*PROBLEM TO WORK ON:*
Could you copy exactly the lines below from the one with "5-15, 8: 12 |" to the one with "The dress has", inclusive, leaving out any pictures?

======== GIVEN RECORDS ========

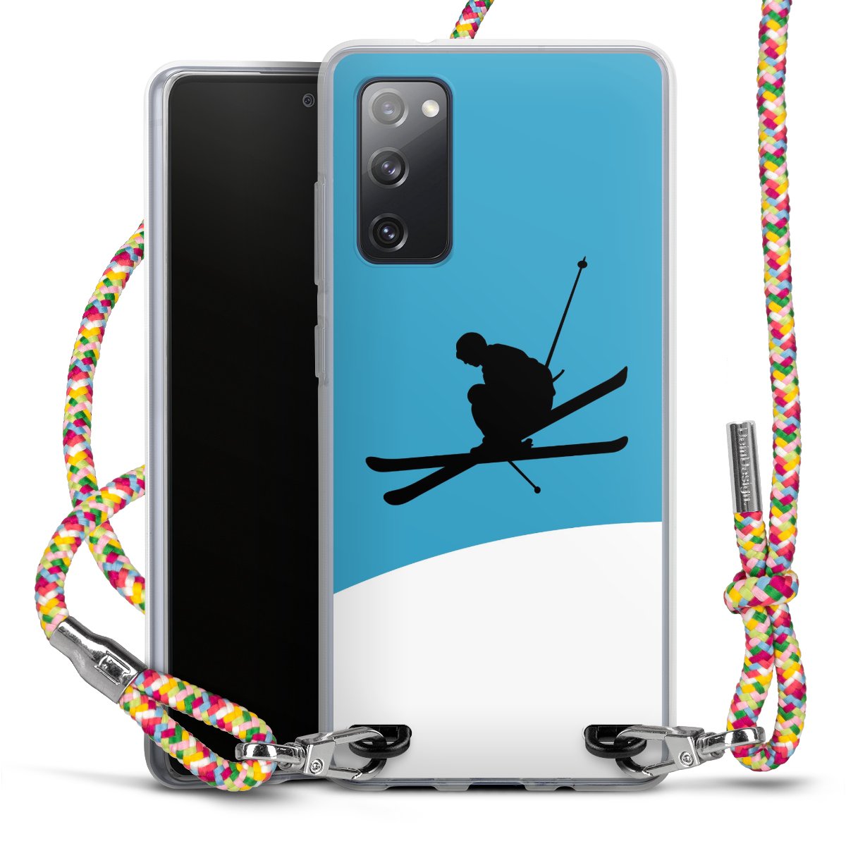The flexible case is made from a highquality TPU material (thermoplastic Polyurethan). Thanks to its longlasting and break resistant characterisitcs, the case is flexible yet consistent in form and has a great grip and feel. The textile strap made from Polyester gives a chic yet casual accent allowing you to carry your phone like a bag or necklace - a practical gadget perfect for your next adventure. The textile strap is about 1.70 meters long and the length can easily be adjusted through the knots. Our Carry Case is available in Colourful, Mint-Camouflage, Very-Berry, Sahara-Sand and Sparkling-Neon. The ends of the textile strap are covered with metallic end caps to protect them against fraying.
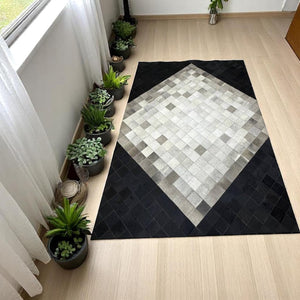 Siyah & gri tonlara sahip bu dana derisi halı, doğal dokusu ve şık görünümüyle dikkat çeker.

========
======== GIVEN RECORDS ========

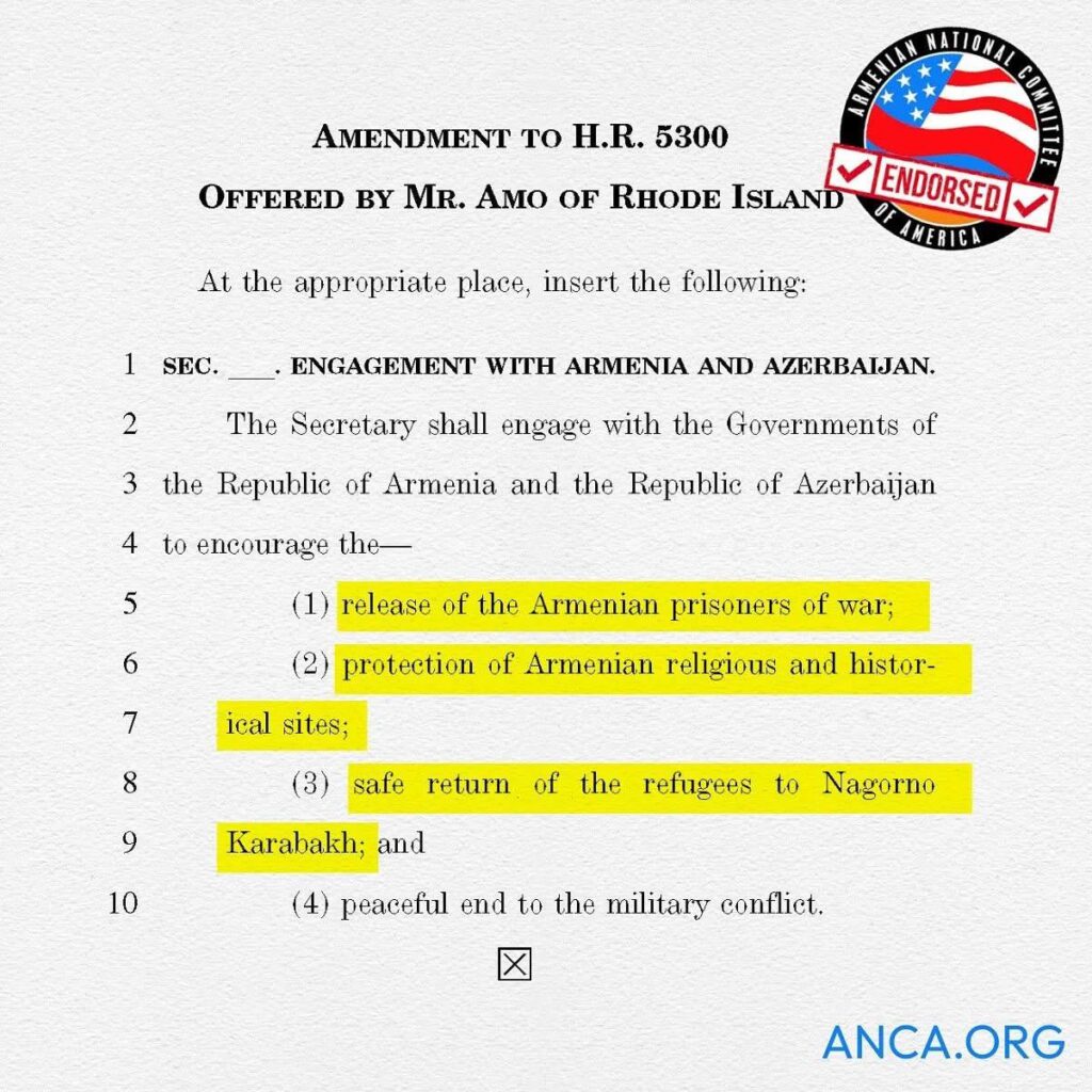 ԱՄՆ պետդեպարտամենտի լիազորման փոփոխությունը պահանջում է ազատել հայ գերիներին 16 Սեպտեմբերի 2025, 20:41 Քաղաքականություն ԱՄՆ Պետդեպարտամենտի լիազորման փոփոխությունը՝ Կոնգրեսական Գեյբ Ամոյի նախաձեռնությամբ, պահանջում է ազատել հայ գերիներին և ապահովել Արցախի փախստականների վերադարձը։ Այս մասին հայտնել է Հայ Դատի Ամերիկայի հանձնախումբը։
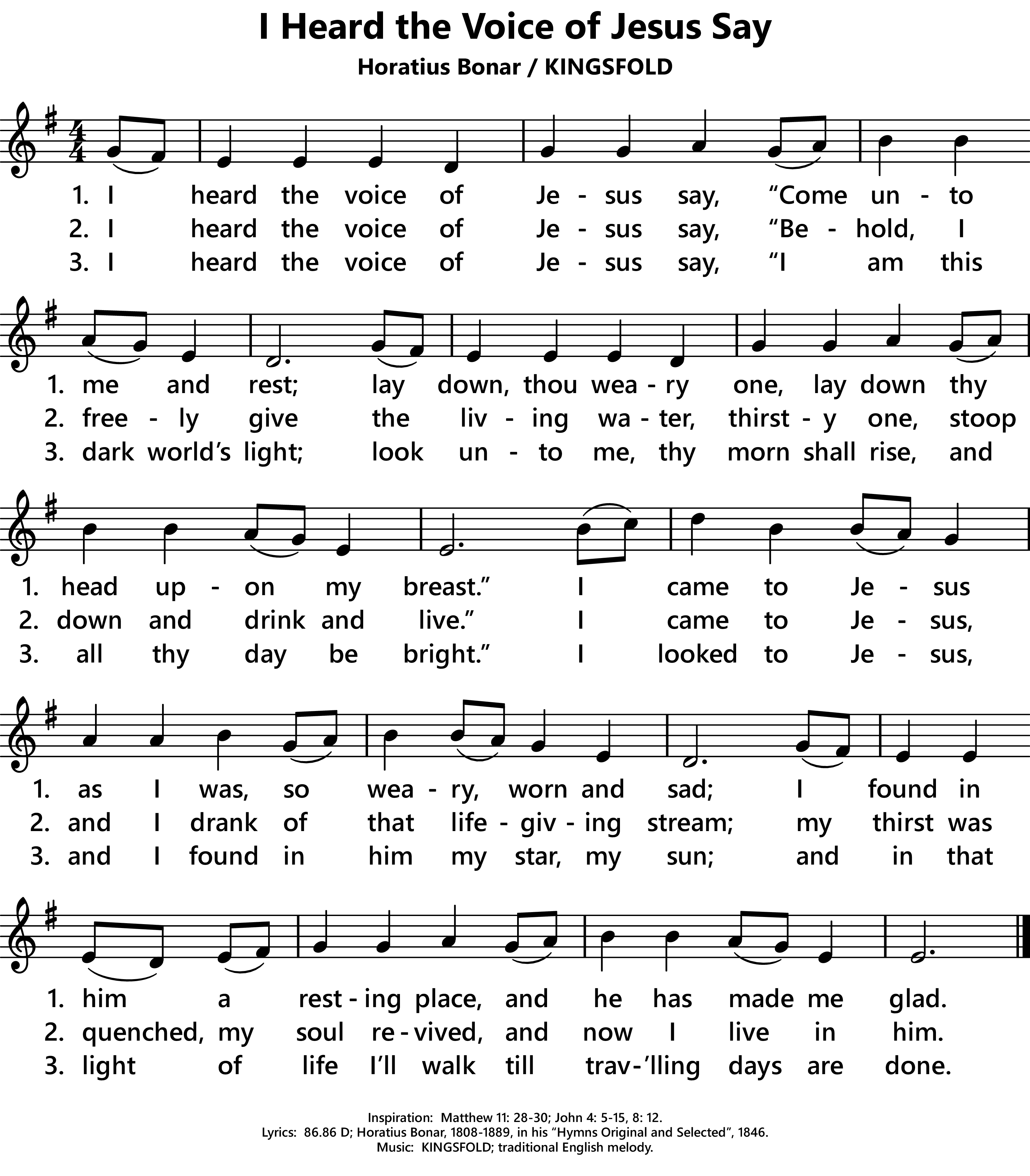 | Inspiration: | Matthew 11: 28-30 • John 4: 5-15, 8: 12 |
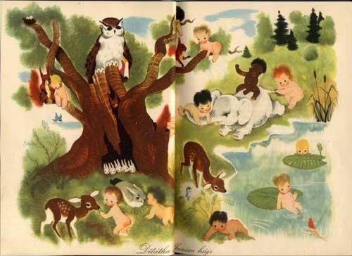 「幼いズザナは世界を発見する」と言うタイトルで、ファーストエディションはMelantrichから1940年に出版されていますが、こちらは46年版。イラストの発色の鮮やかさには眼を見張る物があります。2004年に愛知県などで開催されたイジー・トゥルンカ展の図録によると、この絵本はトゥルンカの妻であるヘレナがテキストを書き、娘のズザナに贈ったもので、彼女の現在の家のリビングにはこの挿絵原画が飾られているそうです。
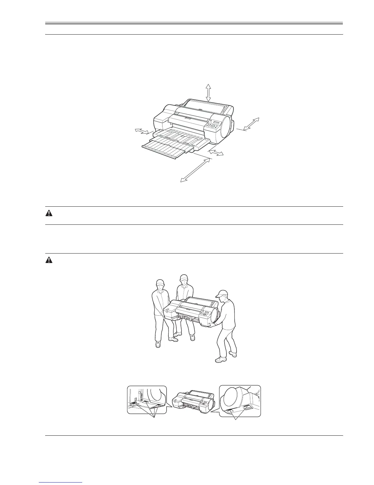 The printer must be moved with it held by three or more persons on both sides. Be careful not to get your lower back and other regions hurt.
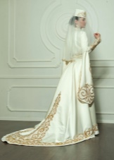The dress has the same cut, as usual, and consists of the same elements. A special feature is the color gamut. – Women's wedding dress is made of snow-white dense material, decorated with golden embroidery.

========

*OUTPUT:*
 | Inspiration: | Matthew 11: 28-30 • John 4: 5-15, 8: 12 |
 「幼いズザナは世界を発見する」と言うタイトルで、ファーストエディションはMelantrichから1940年に出版されていますが、こちらは46年版。イラストの発色の鮮やかさには眼を見張る物があります。2004年に愛知県などで開催されたイジー・トゥルンカ展の図録によると、この絵本はトゥルンカの妻であるヘレナがテキストを書き、娘のズザナに贈ったもので、彼女の現在の家のリビングにはこの挿絵原画が飾られているそうです。
 The printer must be moved with it held by three or more persons on both sides. Be careful not to get your lower back and other regions hurt.
The dress has the same cut, as usual, and consists of the same elements. A special feature is the color gamut. – Women's wedding dress is made of snow-white dense material, decorated with golden embroidery.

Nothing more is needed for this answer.